Stored items
○ ○ ○ ○ ○ ○ ○
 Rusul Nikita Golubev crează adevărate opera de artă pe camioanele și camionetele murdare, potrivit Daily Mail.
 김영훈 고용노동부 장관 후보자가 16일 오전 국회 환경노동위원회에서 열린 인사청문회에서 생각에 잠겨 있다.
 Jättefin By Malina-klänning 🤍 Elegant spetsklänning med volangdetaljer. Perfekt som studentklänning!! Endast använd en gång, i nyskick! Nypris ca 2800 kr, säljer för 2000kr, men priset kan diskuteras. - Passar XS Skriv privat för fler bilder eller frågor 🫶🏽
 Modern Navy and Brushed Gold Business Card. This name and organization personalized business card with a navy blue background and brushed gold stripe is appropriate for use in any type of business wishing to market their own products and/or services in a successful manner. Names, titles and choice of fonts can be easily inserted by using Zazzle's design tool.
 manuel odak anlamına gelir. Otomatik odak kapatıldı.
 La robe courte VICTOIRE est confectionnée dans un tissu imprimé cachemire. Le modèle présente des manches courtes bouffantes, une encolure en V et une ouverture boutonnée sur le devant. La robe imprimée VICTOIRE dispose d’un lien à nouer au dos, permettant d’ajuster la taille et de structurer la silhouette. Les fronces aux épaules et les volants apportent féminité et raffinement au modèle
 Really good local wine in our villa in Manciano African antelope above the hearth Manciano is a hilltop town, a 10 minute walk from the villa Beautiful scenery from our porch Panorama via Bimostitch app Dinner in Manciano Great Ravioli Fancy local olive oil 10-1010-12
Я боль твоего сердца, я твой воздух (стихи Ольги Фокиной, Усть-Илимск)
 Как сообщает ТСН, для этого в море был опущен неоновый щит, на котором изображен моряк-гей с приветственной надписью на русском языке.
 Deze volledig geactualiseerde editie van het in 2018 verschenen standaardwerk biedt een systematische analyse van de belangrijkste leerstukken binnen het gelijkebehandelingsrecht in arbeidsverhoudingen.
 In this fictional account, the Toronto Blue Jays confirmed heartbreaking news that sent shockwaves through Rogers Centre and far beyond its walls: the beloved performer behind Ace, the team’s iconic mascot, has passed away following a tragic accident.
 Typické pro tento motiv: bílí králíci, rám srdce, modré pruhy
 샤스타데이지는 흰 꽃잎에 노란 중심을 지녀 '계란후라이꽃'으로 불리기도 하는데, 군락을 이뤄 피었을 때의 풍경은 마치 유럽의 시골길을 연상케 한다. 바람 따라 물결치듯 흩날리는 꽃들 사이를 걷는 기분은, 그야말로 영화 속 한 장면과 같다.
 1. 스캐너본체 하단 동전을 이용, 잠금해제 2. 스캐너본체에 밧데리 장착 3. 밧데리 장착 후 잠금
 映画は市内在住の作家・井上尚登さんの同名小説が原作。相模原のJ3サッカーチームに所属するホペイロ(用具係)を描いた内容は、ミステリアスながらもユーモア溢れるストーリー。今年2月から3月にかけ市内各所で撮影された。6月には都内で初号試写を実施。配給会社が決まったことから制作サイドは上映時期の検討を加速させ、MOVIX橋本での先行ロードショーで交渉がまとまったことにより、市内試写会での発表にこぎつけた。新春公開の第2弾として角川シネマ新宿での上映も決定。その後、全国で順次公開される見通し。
○ ○ ○ ○ ○ ○ ○
Your goal.
Word for word, restate the entries from the first line to the line that has "manuel odak anlamına", both included, and nothing else.

Solution to the exercise.
 Rusul Nikita Golubev crează adevărate opera de artă pe camioanele și camionetele murdare, potrivit Daily Mail.
 김영훈 고용노동부 장관 후보자가 16일 오전 국회 환경노동위원회에서 열린 인사청문회에서 생각에 잠겨 있다.
 Jättefin By Malina-klänning 🤍 Elegant spetsklänning med volangdetaljer. Perfekt som studentklänning!! Endast använd en gång, i nyskick! Nypris ca 2800 kr, säljer för 2000kr, men priset kan diskuteras. - Passar XS Skriv privat för fler bilder eller frågor 🫶🏽
 Modern Navy and Brushed Gold Business Card. This name and organization personalized business card with a navy blue background and brushed gold stripe is appropriate for use in any type of business wishing to market their own products and/or services in a successful manner. Names, titles and choice of fonts can be easily inserted by using Zazzle's design tool.
 manuel odak anlamına gelir. Otomatik odak kapatıldı.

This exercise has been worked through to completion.